Dear Stranger
Updated: Jul 26, 2021

Dear Stranger,
I know you don’t feel like now is the right time, but have you thought about what you could miss out on because it was the “wrong” time? I don’t think you’ve really put this all in perspective, so let me.
All of those things you would love to teach me, show me, do with me “one
day”...those are all going to disappear. And do you want to know why? Because someone else is going to do them first. You want to teach me new things, well you’re not the only one. Someone else will get to that first. You want to show me your favorite places, someone else will show me them first. You want to watch a movie with me, well someone else will watch it with me first, because you lost the chance. And if by chance you were to come back “when the time is right” one of two things will happen. The first possibility is it will be too late. You won’t get me back. So please explain to me how THAT will be the “right time.” The other possibility is say I do still want you. Say somehow you’ve come back into my life and I don’t hold the grudge against you I know I should. Nothing will ever be the same for us.
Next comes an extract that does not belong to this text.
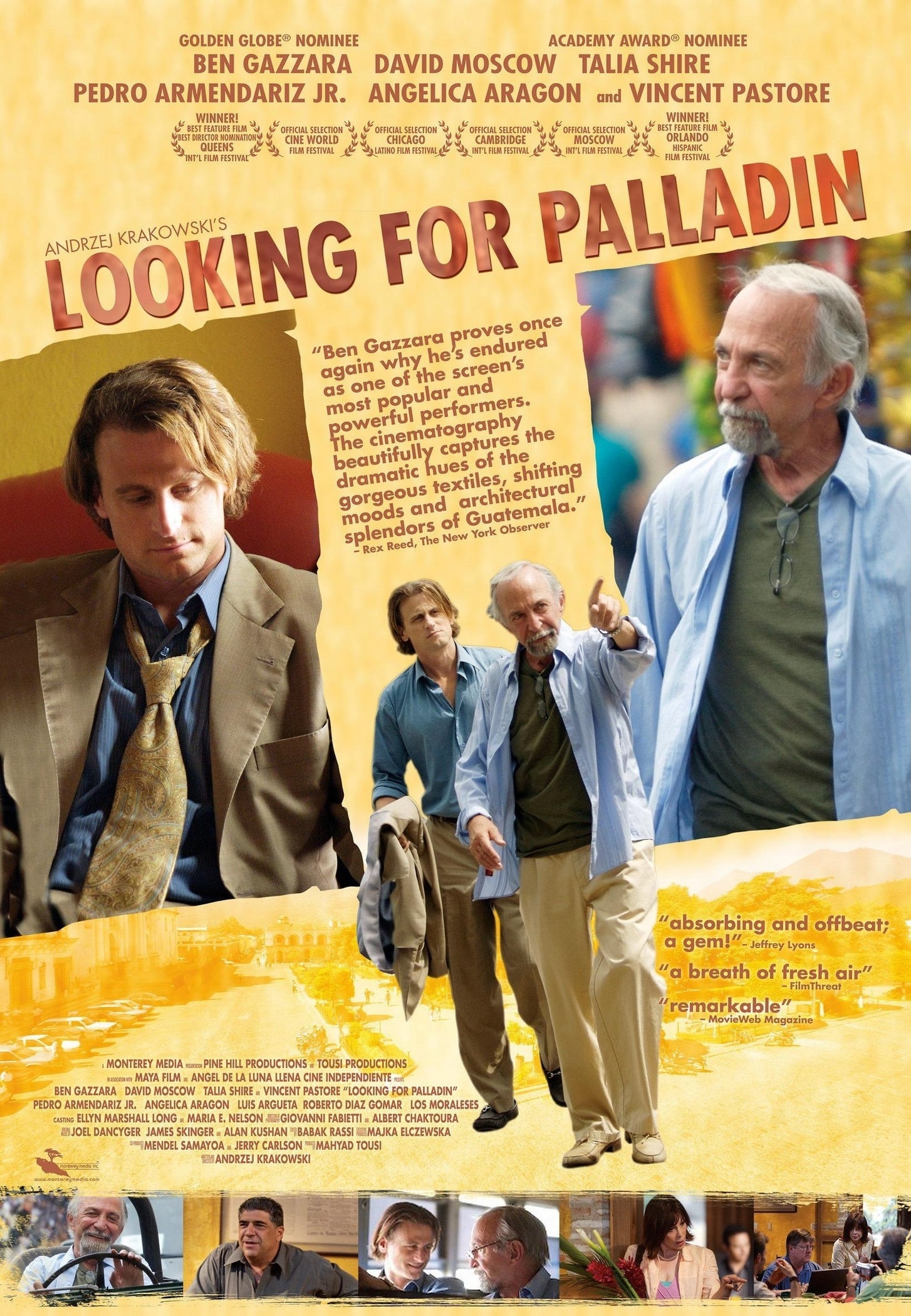Brash young Hollywood talent agent Josh Ross (David Moscow) is dispatched to Guatemala, where he’s assigned to locate missing star Jack Palladin (Ben Gazzara), a man Josh has never met but can’t stand due to Palladin’s long-ago relationship with his late mother. Despite receiving no help from the amused locals, Josh eventually finds his target hiding out as a cook at a restaurant but discovers that persuading the reluctant actor to return to Hollywood will be an uphill climb. Talia Shire costars in this independent comedy.

All of those things you try to teach me, show me, do with me...they’ll just remind me of someone else. It’s just going to hurt me to think about the things I wish we had done together.
I don’t want someone cooler, younger, better to do the things we could be doing, don’t you get that? Wrong timing is just an excuse for people who are scared. You can come up with every excuse possible, but I know why it doesn’t feel like the right time. You think one day expressing your feelings won’t be scary anymore. I’m sorry but that’s just now how it works. The things that could change your life for the better should be scary. You preach about having no regrets. Don’t start with me.